I filed Blade’s revelation away, then I told him what I’d learned, about the armored limo and how Ortega thought it had belonged to someone from Polarity Magnetics.
“I didn’t notice anything like that there,” Blake said.
He told me how most of the industrial park belonged to Polarity Magnetics. Twice, security people had asked him what he was doing loitering around the area.
Blake took another bite of his burrito, chewing thoughtfully. “I told them, ‘I’m just sightseeing.’ They gave me hard looks, but went away each time. The last time they brought along Doberman Pinchers. Now there’s an alien-looking dog. There’re too nervous and high-strung, and they watched me with hungry shark’s eyes. I got the message and left.”
“I still want you to check the airport,” I said. “Afterward, see what you can find on the internet about armored cars, Mercedes Benzes in particular and dig deeper into Polarity Magnetics.”
“What are you going to do?” Blake asked.
I rattled the ice cubes in my Styrofoam cup. “I think it’s time to pay Doctor Cheng a visit.”
“Think she’ll talk with you?”
“Definitely,” I said.
“Something you want to tell me?” Blake asked with a grin.
“It’s not what you think.”
“With you, it never is. Good luck.”
We parted company, each of us heading for his car. I wrinkled my nose as I climbed into the Ford. Then I started it up and headed for Polarity Magnetics.
***
I didn’t sense anything wrong when I stopped by the guard shack.
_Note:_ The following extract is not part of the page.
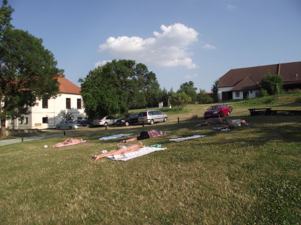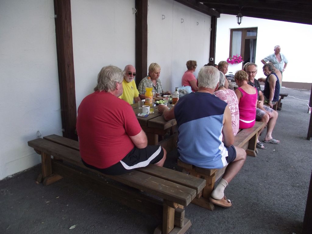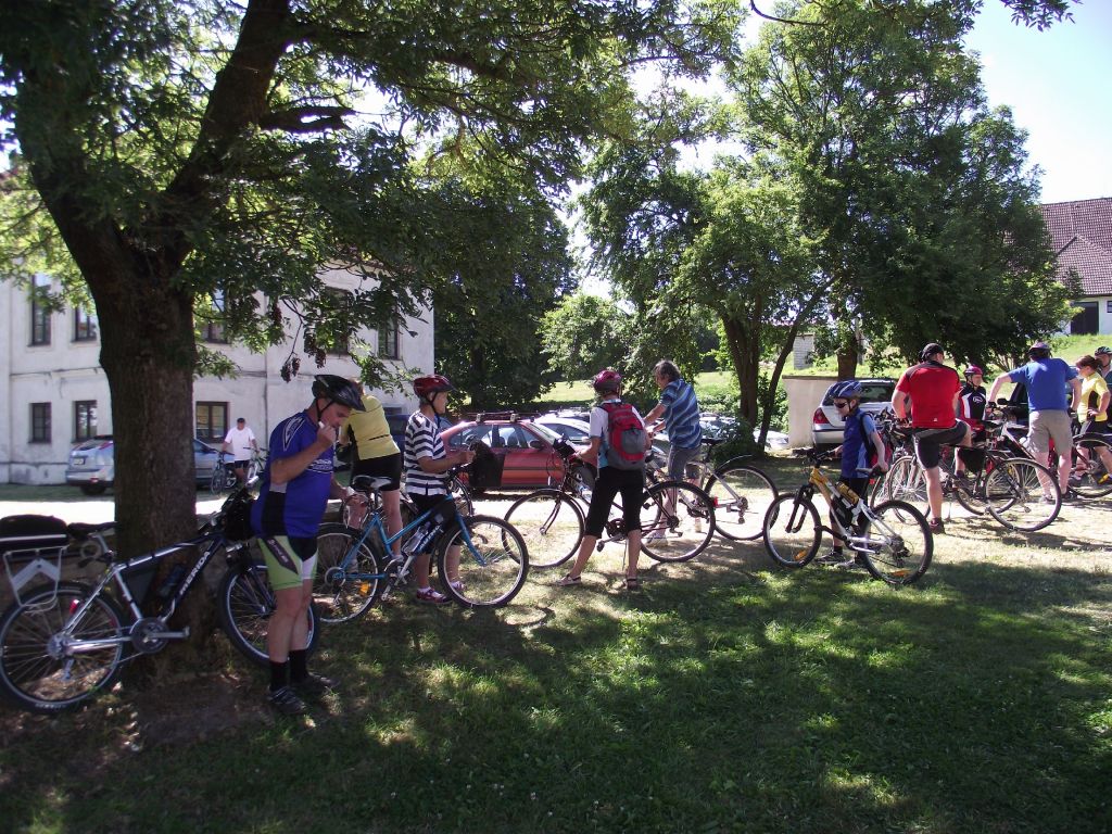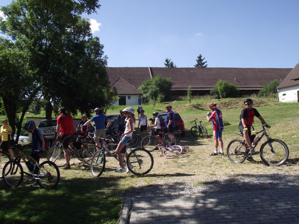 Již tradičně jsme v od 22. 7. do 29. 7. uskutečnili letní soustředění našeho klubu cyklistů. Celkem nás jelo 33 lidiček. Byl s námi i jeden člen, který si předtím zlomil nohu v kotníku. Ten se mimo jiné vyřádil v i invalidním vozíku a myslím, že si soustředění v rámci možností docela užil. Letos jsme byli ve Strážovicích u Mirotic což bylo necelých 70km od nás. Byli jsme ubytováni v areálu zámku v ubytovně, která byla předělána z bývalých chlévů. Toto byla letos výhoda, jelikož v tom horku tam bylo příjemně. Pokoje byly nově zařízené a byli vybavené toaletou a sprchou. Mněli jsme k dispozici kuchyň a přilehlou společenskou místnost, která byla mimo jiné vybavena pípou s chlazením. Takže jsme si sami točili pivo. Pár piv jsme za ten horký týden vypili. Výhodou bylo, že jsme mněli celý areál k dispozici pouze my, takže jsme mohli využívat hřiště, hrát ping-pong, basket anebo lenošit pod pergolou. Mimo jednoho dne byl každý den výjezd na kolech. Kdo chtěl, mohl jet nebo se mohl jet vykoupat do bazénu či rybníku, kterých zde bylo dosti. Trasy byli pečlivě vybíráni a byli různě dlouhé od 18km až po 35km.Vedli pěknou přírodou a částečně i ve stínu což bylo příjemné. Zde patří poděkování Karlu Hajžmanovi, který trasy připravoval, a pak se večer konzultovali s ostatními členy, aby věděli, co je čeká, když pojedou. Na každé cestě bylo v půli trasy občerstvení v nějaké hospůdce. Výlety na kolech byli příjemné i v tom, že nejsme polykači kilometrů, ale jezdíme pro radost. Na každém větším kopci čelo "pelotonu" zastavilo a čekalo se, až dojedou všichni a po oddychu se pokračovalo dál. Takže se nikdo neobával, že mu někdo ujede či že mu v případě defektu nikdo nepomůže. To se nemůže stát, jelikož jsme "řekl bych" skvělá parta. Letos byl pouze jediný defekt a to píchlé kolo, které se po dojezdu na ubytování opravilo. Ucházelo pomalu, tak že se vždy dofukovalo. Již tradičně bylo ve čtvrtek velké grilování (krkovička a kuřecí řízky) a v pátek přijel Láďa Čagánek a byla zpívaná. Za sebe můžu říci, že to byla opět pěkné soustředění ne-li jedno z nejlepších. Už se těším na příští rok.
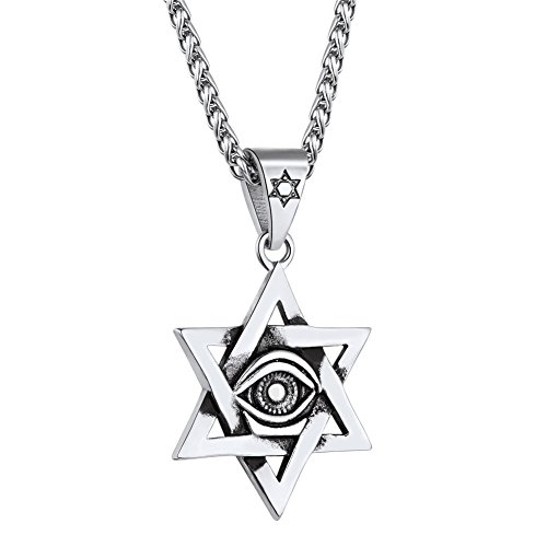 U7 Collier Homme Magen David Acier Inoxydable Pendentif Étoile de David avec l'oeil d'Horus

A tall, chain-link privacy fence guarded the industrial park. Barbed tape in menacing curls sat on top of the fence. It was also known as razor wire, although it wasn’t razor sharp. Barbed tape was better than barbed wire, as the tape was designed to inflict serious cuts on anyone attempting to climb over. It was difficult to climb through or over without special tools. I knew, as I’d tried to do that on more than one occasion.
A hundred yards beyond the shack was a large parking area with plenty of BMWs, Cadillacs and organic-looking electric cars that pretended to be the wave of the future. There were no pickups, however, large or small, which I found odd. Beyond the parking area were large, perfectly kept lawns and a massive, glass-fronted office building.
Two guards were in the shack, one watching a monitor inside and the other standing by the half door, staring down at me. She was whipcord lean, with sucked-in cheeks and intense brown eyes: a femme fatale who was probably a black belt in some hard-to-pronounce mixed martial arts. She wore a tight blue uniform with a patch on her left front pocket. It showed a circular magnet with a sword stuck to it. She had small breasts, which seemed appropriate to her manner.
“What is your name?” she asked in a clipped tone. She had an accent, although it wasn’t Lithuanian, maybe somewhere from South America.
“Gavin Kiel,” I said. “But it’s not on any of your lists. The reason—”
I stopped because she darted into the shack. I shifted just enough in my car to peer through the half-door. She picked a tablet computer off her desk.
She reappeared with the tablet tucked under her arm. “Could you please step out of the car, Mr. Kiel?”